* **Exercise prompt**: Required from the data below: the exact lines starting at the line containing "Made from dark-wash" and ending at the line containing "Springbrunnen attraktiv gestaltet.", with both ends kept and all pictures dropped.

* **Extracted records**:
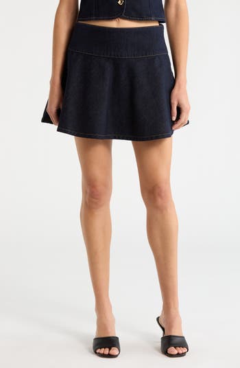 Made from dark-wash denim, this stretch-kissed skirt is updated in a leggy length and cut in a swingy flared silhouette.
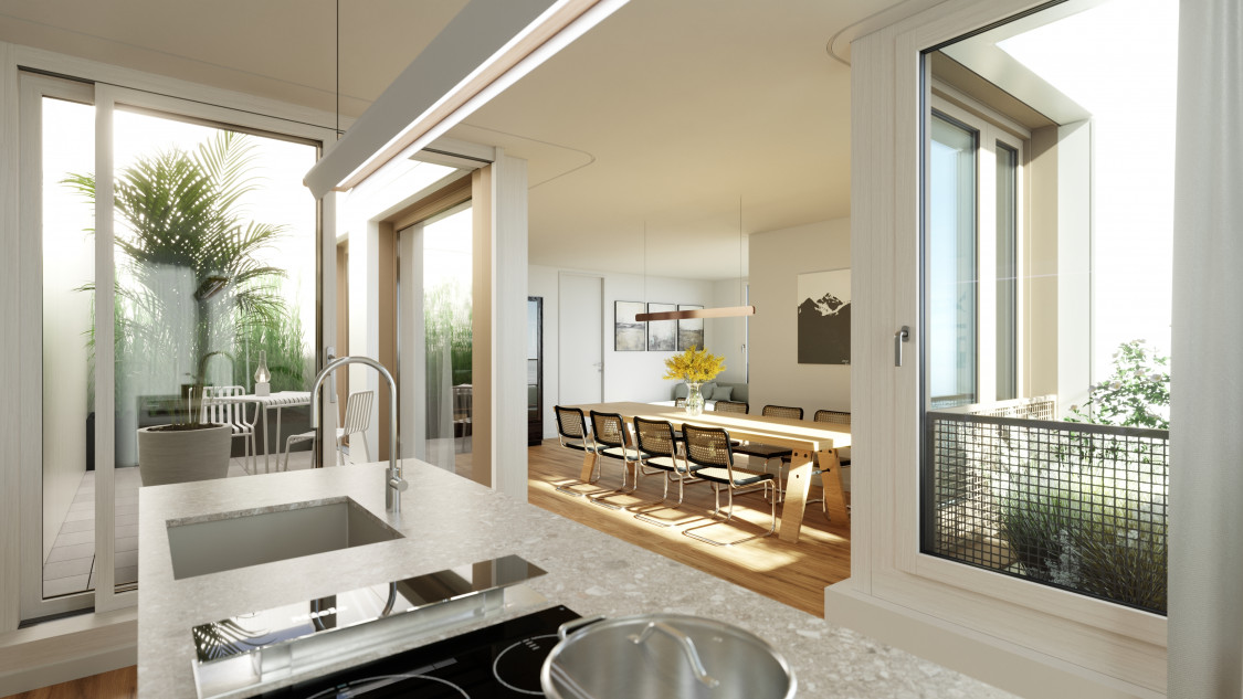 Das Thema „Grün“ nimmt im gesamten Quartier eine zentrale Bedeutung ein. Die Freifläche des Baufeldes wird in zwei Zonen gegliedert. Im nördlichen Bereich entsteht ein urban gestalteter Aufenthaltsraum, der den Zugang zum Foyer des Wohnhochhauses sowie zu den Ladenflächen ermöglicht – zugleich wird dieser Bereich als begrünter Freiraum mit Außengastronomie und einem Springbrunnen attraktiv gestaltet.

* * *

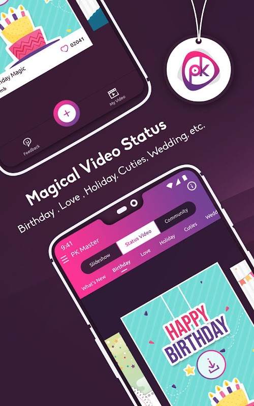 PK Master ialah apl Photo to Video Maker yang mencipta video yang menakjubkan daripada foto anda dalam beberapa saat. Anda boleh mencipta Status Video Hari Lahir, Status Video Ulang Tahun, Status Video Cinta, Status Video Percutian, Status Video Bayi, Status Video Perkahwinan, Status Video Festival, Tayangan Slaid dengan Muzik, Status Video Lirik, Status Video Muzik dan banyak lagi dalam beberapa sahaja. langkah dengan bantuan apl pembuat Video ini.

--

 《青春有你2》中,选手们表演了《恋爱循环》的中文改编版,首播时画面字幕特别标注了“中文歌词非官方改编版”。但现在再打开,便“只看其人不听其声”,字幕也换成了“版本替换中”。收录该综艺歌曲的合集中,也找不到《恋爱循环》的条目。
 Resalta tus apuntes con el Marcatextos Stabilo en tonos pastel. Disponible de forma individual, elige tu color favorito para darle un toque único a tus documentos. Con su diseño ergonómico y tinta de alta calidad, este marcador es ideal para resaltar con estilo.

* **Exercise response**:
 Made from dark-wash denim, this stretch-kissed skirt is updated in a leggy length and cut in a swingy flared silhouette.
 Das Thema „Grün“ nimmt im gesamten Quartier eine zentrale Bedeutung ein. Die Freifläche des Baufeldes wird in zwei Zonen gegliedert. Im nördlichen Bereich entsteht ein urban gestalteter Aufenthaltsraum, der den Zugang zum Foyer des Wohnhochhauses sowie zu den Ladenflächen ermöglicht – zugleich wird dieser Bereich als begrünter Freiraum mit Außengastronomie und einem Springbrunnen attraktiv gestaltet.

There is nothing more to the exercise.